With the easy accessibility of the Web, it's tempting to shoot Web videos to enliven a Web site, emphasize a point you're trying to make or demonstrate how to do something. However, shooting good Web video isn't as easy as it looks. Keep these tips for shooting Web video in mind the next time you head out for a shot:

Web video is small

Web video is small, both in terms of physical size of the shot and the video compression required to deliver video to your viewers. You may have to crop Web video or reduce its size in order to display it on your site. Keep this in mind when composing the shot.
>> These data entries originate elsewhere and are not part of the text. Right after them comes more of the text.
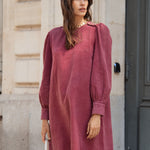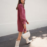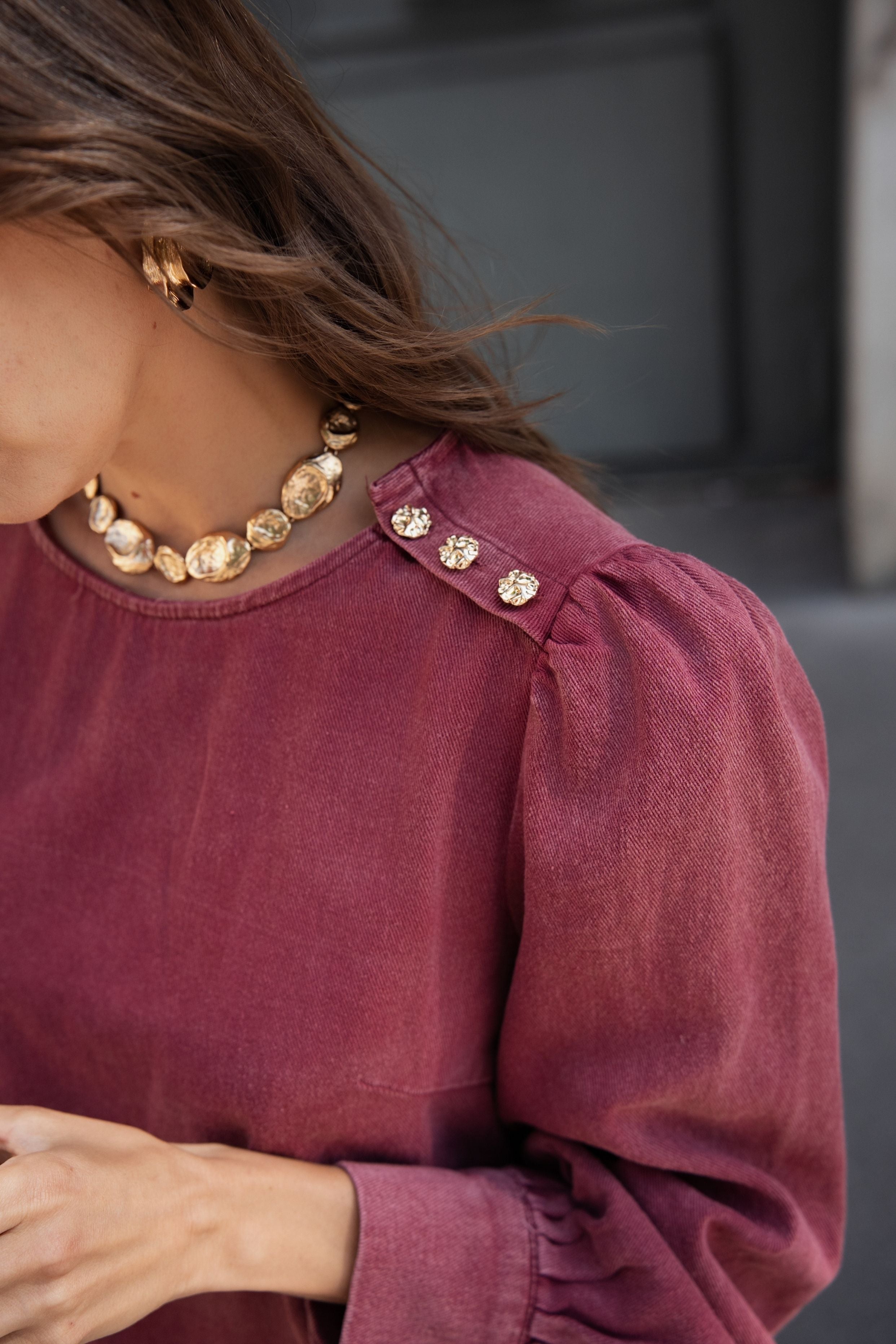 Our Jalie dress has been reinvented and renamed Célestine. This short denim dress combines the timeless simplicity of jeans with the freshness of a delicate blue. Its round neckline adds a touch of sophistication, while the gold button placket on the shoulder offers both practicality and an elegant detail.
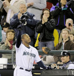 Griffey was believed to be the first major leaguer to wear 42 to honor Robinson in a game, 12 years ago with the Mariners. He just went up to the Mariners' equipment man weeks before the game and said he wanted to do it -- he didn't think to ask for the league's permission because no one had done it.
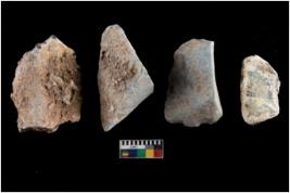 | Description / विवरण | There are n 4 utilized flakes. There are multi directional irregular scar pattern on both dorsal and ventral face of the flakes. three are tapering at one end and one has blunted edge. |
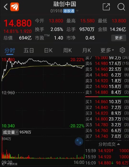但9月28日融创股价迎来大幅反弹,开盘大幅高开,随后拉升一度涨近20%,随后全天维持高位震荡,收盘涨幅依然近15%,基本收复此前两个交易日大跌的“失地”。
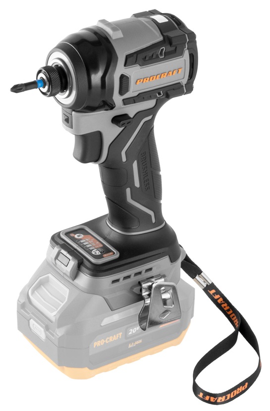 Aku rázový utahovák Procraft ID20A s bezuhlíkovým motorem, utahovacím momentem až 80-180 Nm a čtyřmi rychlostmi (0–3800 ot./min).
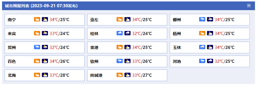23日白天到晚上,桂北和沿海多云有陣雨或雷雨、局地大雨,桂南多云有分散陣雨或雷雨。
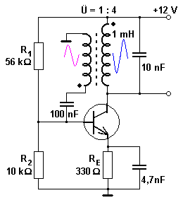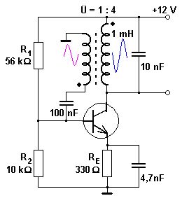 Der Transistor ist erstmal mit vernünftigem Arbeitspunkt "aufgehängt". In dem Zustand verstärkt er bloß das Rauschen an den Widerständen und an seiner BE-Diode. Der Schwingkreis am Ausgang, 10nF || 1mH, bestimmt die Frequenz. Da das Übersetzungsverhältnis für Spannung = 4 ist, ist es für Impedanzen = 16. Die Spule, die da an der Basis hin gewickelt ist, hat also eine viermal so niedrige Impedanz wie der Ausgang. Das sorgt für wenig Dämpfung und man kann die Basis des Transistros sogar niederohmig ansteuern(was man bei entsprechender Verstärkung des Transistors nicht müsste). Der 100n- Kondensator schneidet alle Gleichspannung von der Spule weg, dass man den Transistor mit Wechselspannung um seinen Arbeitspunkt "herumeiern lässt". Die Spulen sind gegensinnig gekoppelt, dass die Spannung an der Basis AC-mäßig negativ zum Ausgang ist. Der Transistor invertiert das Signal von Basis zu Kollektor nochmals, dass sich insgesamt 360° = 0° Phasendrehung ergeben(Teil 1 der Schwingbedingung, es muss die Phase um n*360° gedreht sein). Der Transistor bringt, da der Emitterwiderstand AC-mäßig seiner Wirkung beraubt ist, seine Leerlaufverstärkung, die meist größer als -100(s.o., 2.Phasendreher mit dem Trafo) ist. Das ist größer als das Spannungs-Übersetzungsverhältnis des Trafos. Es ergibt sich eine Closed-Loop-Verstärkung von größer als 1(zweite Schwingbedingung). mf

Don't try to show too much

Don't try to show too much in your Web video. Large shots loose impact on small videos, so use smaller shots. Movement may be wobbly, shaky or grainy on Web video, so try to avoid shooting too much movement. Focus on an individual rather than a group, as the group may be too large to effectively display. Avoid shooting complex patterns, such as stripes, wide shots filled with subject matter, trees or anything with a significant amount of detail to capture.

Keep it short

Attention span varies, depending on format. Movie viewers can usually last between 90 to 120 minutes. Television shows work best in 30- to 60-minute formats. Web viewers have a significantly shorter attention span, as they're often checking the Web for a few minutes before going off to do something else, and Web video users are almost always multitasking. If your Web video is too long, your viewers may tune out halfway through and lose the important thread of your topic. Keep your video short and full of interesting content so that your viewers don't wander off.

Use appropriate lighting

Because the compression in Web video often reduces details, it's important to use strong lighting on your subject. Focus the lighting on your subject so that it stands out compared to the background. Strong lighting captures subtle detail that poor light often overlooks, providing clearer, more vivid Web video. Daylight is a great option for shooting, but avoid shooting under midday sun that can cast shadows around the eyes and nose. For indoor shoots, bring along several light wattages so that you can adjust existing fixtures as needed, and consider adding clamp lights from any hardware store to your lighting arsenal.

Control your shot

Compose a shot. Keep in mind your size restrictions, and frame the shot accordingly. Always roll for 5 to 10 seconds at the beginning and end of your shot to avoid losing content on the front or back of your shot. Use manual focus so that if something interrupts your shot, your camera isn't trying to auto-focus to compensate. Use a good-quality tripod to avoid wobbly or fuzzy video.